[Work instructions]
Print the listing below a second time, exactly, and omit its images.

[Stored data]
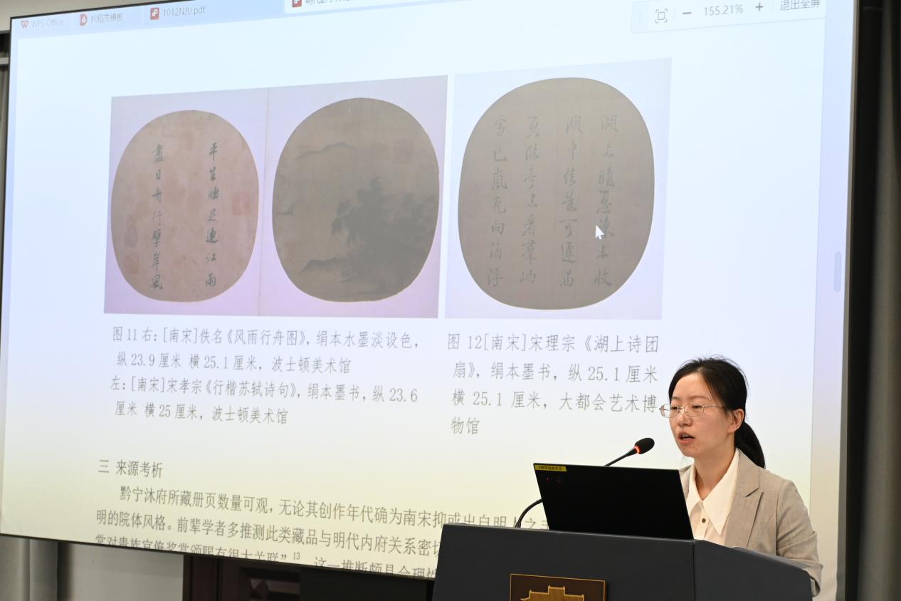 论坛第四场“数字人文视野下的美术考古”由南京艺术飞艇开奖结果记录官网直播计划 董亚平主持,南京⼤学美徐志君助理教授任评议嘉宾。董亚平、徐琰、赵丹、郑嘉昊、张珂艺、原天羽、古康、吴沐霜同学分别以《正统承续:谶纬视域下东吴禅国山碑考释》、《陈容“所翁龙图样”的跨媒介运用研究 》、《形塑河源——图像阐释学视域下的中国古代舆图葫芦图像考析》、《倪瓒<十万图>真伪及流传考——兼论王翚的四件<十万图>仿本 》、《乾隆朝<平定两金川得胜图>铜版画的制作、传播与贮藏》、《明代黔宁沐府的册页收藏:规模、年代、来源与后世之名》、《汉地树下坐禅比丘形象探赜——以云冈石窟和河南造像碑为例》和《唐代关中贵族墓葬壁画视觉语言探析——基于空间叙事与图像配置的双重维度》为题,围绕着中国古代艺术史的不同方面展开。他们的汇报展示了中国古代艺术史研究的丰富性和多样性,通过跨学科的方法和多视角的分析,深入探讨了艺术作品的历史背景、文化内涵和艺术价值。徐志君老师表示希望同学们把一个比较抽象,或者比较宏大的问题拆分到具体细致的、可探究的、比较少的依赖于情感的材料和结论方面去。
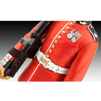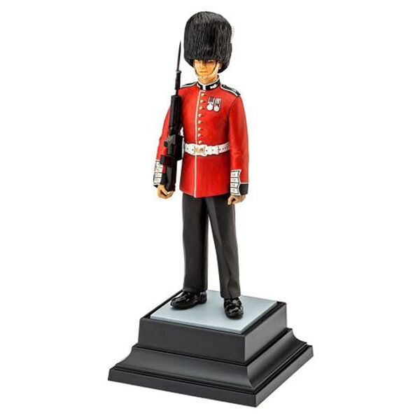 This is a 1/16 scale kit of the world famous Queens. The Queen's Guard are the elite soldiers of the British military in charge of guarding Buckingham Palace, the home of the British Queen. The kit contains 30 parts and the finished model is 124 mm tall.
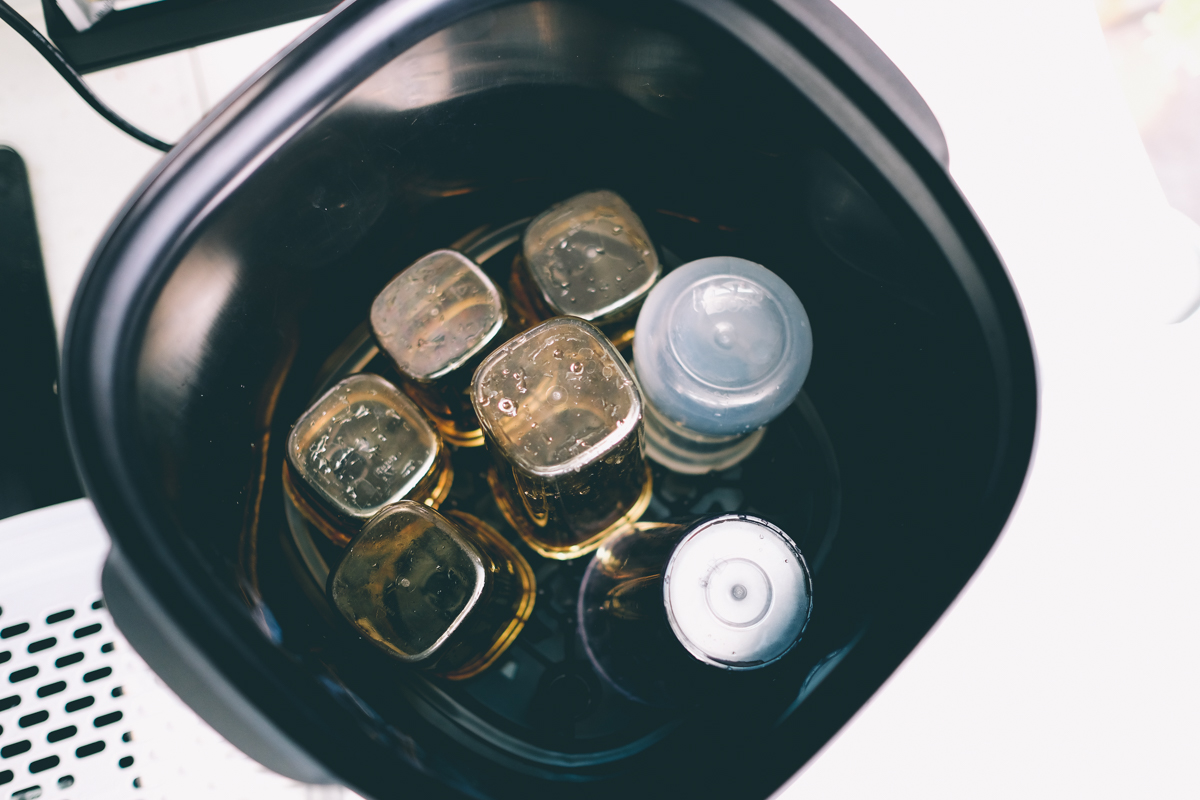 每次倒入一個滿水量杯大約可以蒸 7 分鐘左右(80ml),也差不多就是我們一般消毒的時間,或者像加熱副食品,其實用傳統電鍋也差不多會是用 7-8 分鐘。

[Response]
 论坛第四场“数字人文视野下的美术考古”由南京艺术飞艇开奖结果记录官网直播计划 董亚平主持,南京⼤学美徐志君助理教授任评议嘉宾。董亚平、徐琰、赵丹、郑嘉昊、张珂艺、原天羽、古康、吴沐霜同学分别以《正统承续:谶纬视域下东吴禅国山碑考释》、《陈容“所翁龙图样”的跨媒介运用研究 》、《形塑河源——图像阐释学视域下的中国古代舆图葫芦图像考析》、《倪瓒<十万图>真伪及流传考——兼论王翚的四件<十万图>仿本 》、《乾隆朝<平定两金川得胜图>铜版画的制作、传播与贮藏》、《明代黔宁沐府的册页收藏:规模、年代、来源与后世之名》、《汉地树下坐禅比丘形象探赜——以云冈石窟和河南造像碑为例》和《唐代关中贵族墓葬壁画视觉语言探析——基于空间叙事与图像配置的双重维度》为题,围绕着中国古代艺术史的不同方面展开。他们的汇报展示了中国古代艺术史研究的丰富性和多样性,通过跨学科的方法和多视角的分析,深入探讨了艺术作品的历史背景、文化内涵和艺术价值。徐志君老师表示希望同学们把一个比较抽象,或者比较宏大的问题拆分到具体细致的、可探究的、比较少的依赖于情感的材料和结论方面去。
 This is a 1/16 scale kit of the world famous Queens. The Queen's Guard are the elite soldiers of the British military in charge of guarding Buckingham Palace, the home of the British Queen. The kit contains 30 parts and the finished model is 124 mm tall.
 每次倒入一個滿水量杯大約可以蒸 7 分鐘左右(80ml),也差不多就是我們一般消毒的時間,或者像加熱副食品,其實用傳統電鍋也差不多會是用 7-8 分鐘。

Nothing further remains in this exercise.